─── Source data
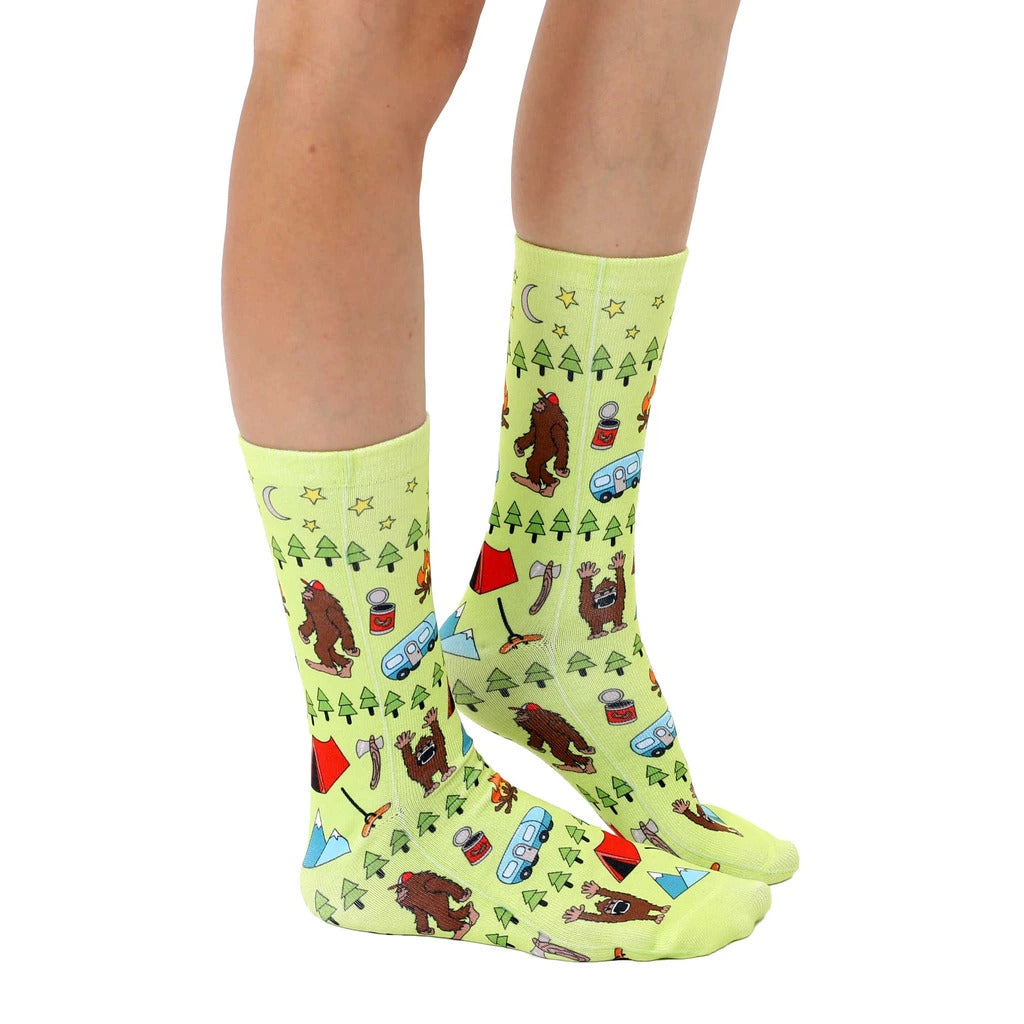 Yo, lace up your feet with these legendary Bigfoot socks! Join the elusive creature on his camping adventures through forests, mountains, and starry nights. Whether he's toasting marshmallows, snoozing in his tent, or scaling peaks, these socks will keep your toes grinning from sunrise to sunset. Bigfoot may be a mystery, but these socks are as real as it gets, making them the perfect conversation starter. Don't be a square, put on a pair and let your feet do the talking. Adventure awaits!
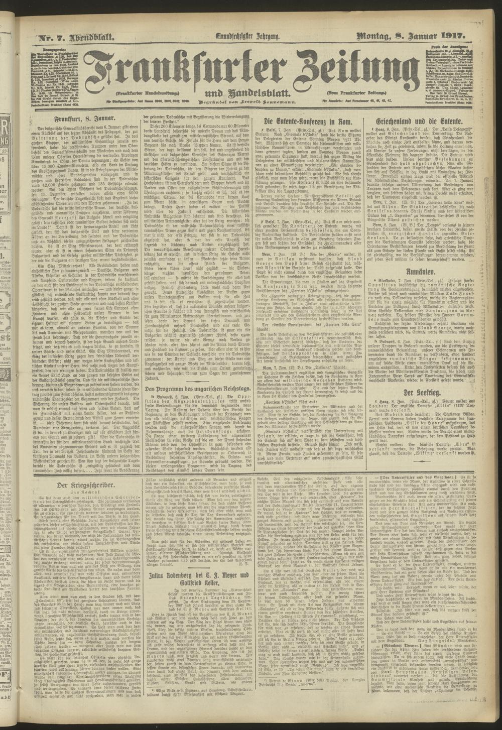 08.01.1917 = Nr. 7. Abendblatt
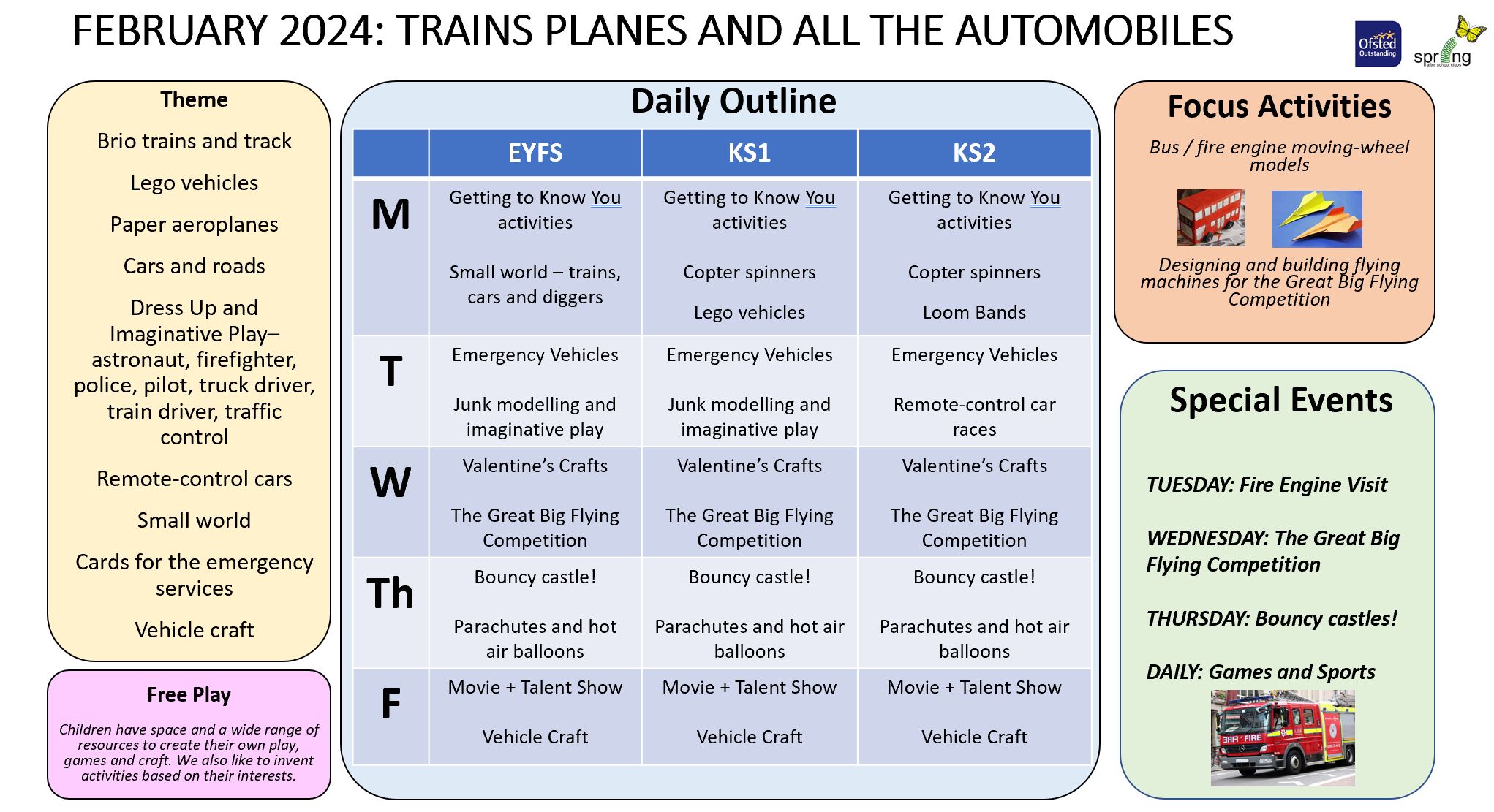 This February we are celebrating all forms of transport. Our activities include model making, imaginative play, paper aeroplane competitions, remote control car races, and a visit from the London Fire Brigade.
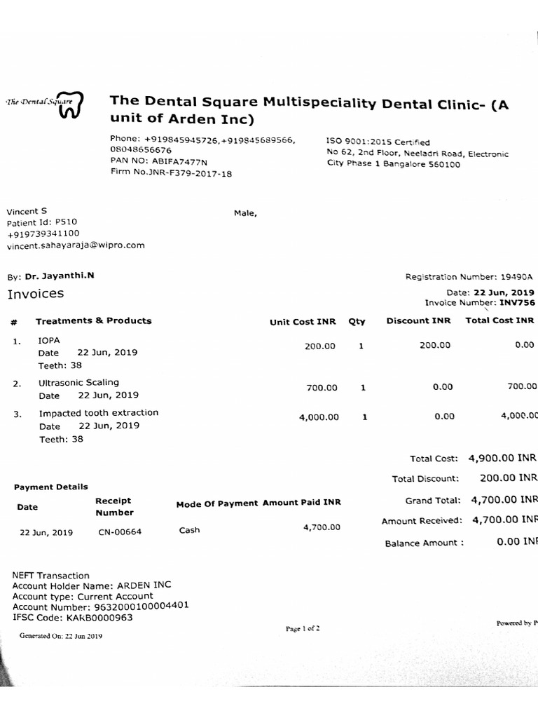 Dental Invoice Template
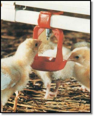 بالنسبة لسلالات إنتاج اللاحم إذا كان الماء مقدمة بواسطة المساقي الجرسية فإنه يخصص لكل ۸۰ طائر مشربية واحدة في الأجواء المعتدلة أما في الأجواء الحارة فيخصص لكل 60 طائر مشربية جرسية واحدة أما إذا كان الماء يقدم عند طريق الحلمات فإنه يخصص لكل حلمة عدد ۱۰ طيور وذلك في الأجواء المعتدلة أما في الجو الحار فيخصص حلمة لكل ۸ طيور أما بالنسبة لسلالات الدجاج البياض إذا كانت المساقي المستخدمة من نوع المشربيات المستديرة فيخصص لكل ۱۲۰طائر مشربية واحدة أما إذا كان المستخدم هو الحلمات فإنه يقدم لكل ۱۲۰ طائر حلمة واحدة . (شكل 11٬10٬۹٫۸).
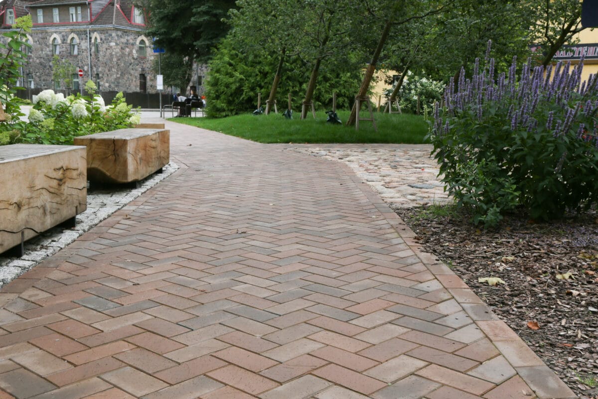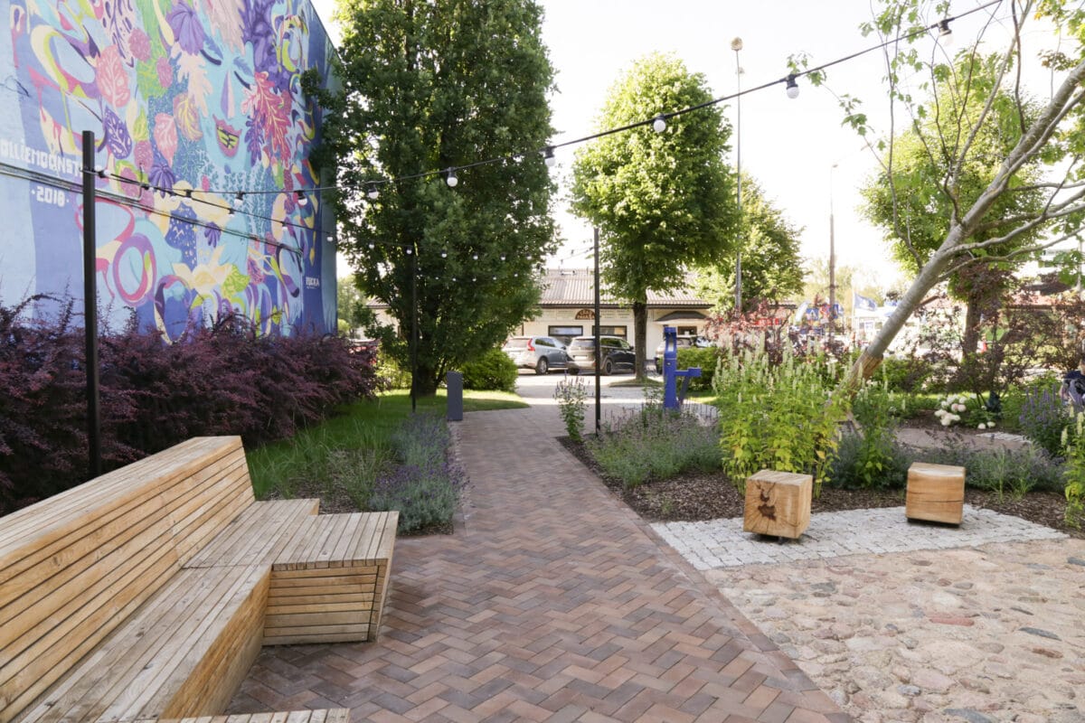 Lai skvēra vide būtu ne tikai pievilcīga, bet arī ilglaicīgi funkcionāla, celiņiem un laukumiem izvēlēts LODE klinkera bruģis TERRA. Tā silti sarkanbrūnais tonis lieliski iekļaujas dabas un koka arhitektūras elementos, veidojot dabisku un harmonisku vidi.
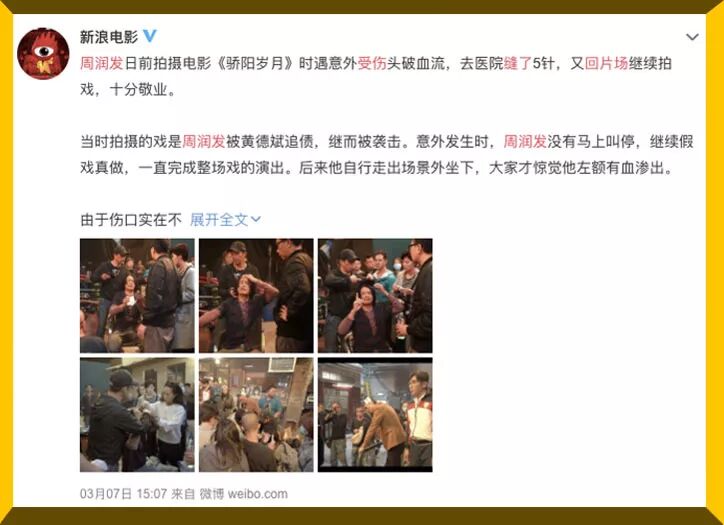 周润发拍戏受伤缝了5针,又重返片场拍戏。
──────
## Exercise directions
The lines from the start of the records above through the line that holds "بالنسبة لسلالات إنتاج" are to be copied exactly, both ends included, and no pictures are to be copied.

## Result for this task
 Yo, lace up your feet with these legendary Bigfoot socks! Join the elusive creature on his camping adventures through forests, mountains, and starry nights. Whether he's toasting marshmallows, snoozing in his tent, or scaling peaks, these socks will keep your toes grinning from sunrise to sunset. Bigfoot may be a mystery, but these socks are as real as it gets, making them the perfect conversation starter. Don't be a square, put on a pair and let your feet do the talking. Adventure awaits!
 08.01.1917 = Nr. 7. Abendblatt
 This February we are celebrating all forms of transport. Our activities include model making, imaginative play, paper aeroplane competitions, remote control car races, and a visit from the London Fire Brigade.
 Dental Invoice Template
 بالنسبة لسلالات إنتاج اللاحم إذا كان الماء مقدمة بواسطة المساقي الجرسية فإنه يخصص لكل ۸۰ طائر مشربية واحدة في الأجواء المعتدلة أما في الأجواء الحارة فيخصص لكل 60 طائر مشربية جرسية واحدة أما إذا كان الماء يقدم عند طريق الحلمات فإنه يخصص لكل حلمة عدد ۱۰ طيور وذلك في الأجواء المعتدلة أما في الجو الحار فيخصص حلمة لكل ۸ طيور أما بالنسبة لسلالات الدجاج البياض إذا كانت المساقي المستخدمة من نوع المشربيات المستديرة فيخصص لكل ۱۲۰طائر مشربية واحدة أما إذا كان المستخدم هو الحلمات فإنه يقدم لكل ۱۲۰ طائر حلمة واحدة . (شكل 11٬10٬۹٫۸).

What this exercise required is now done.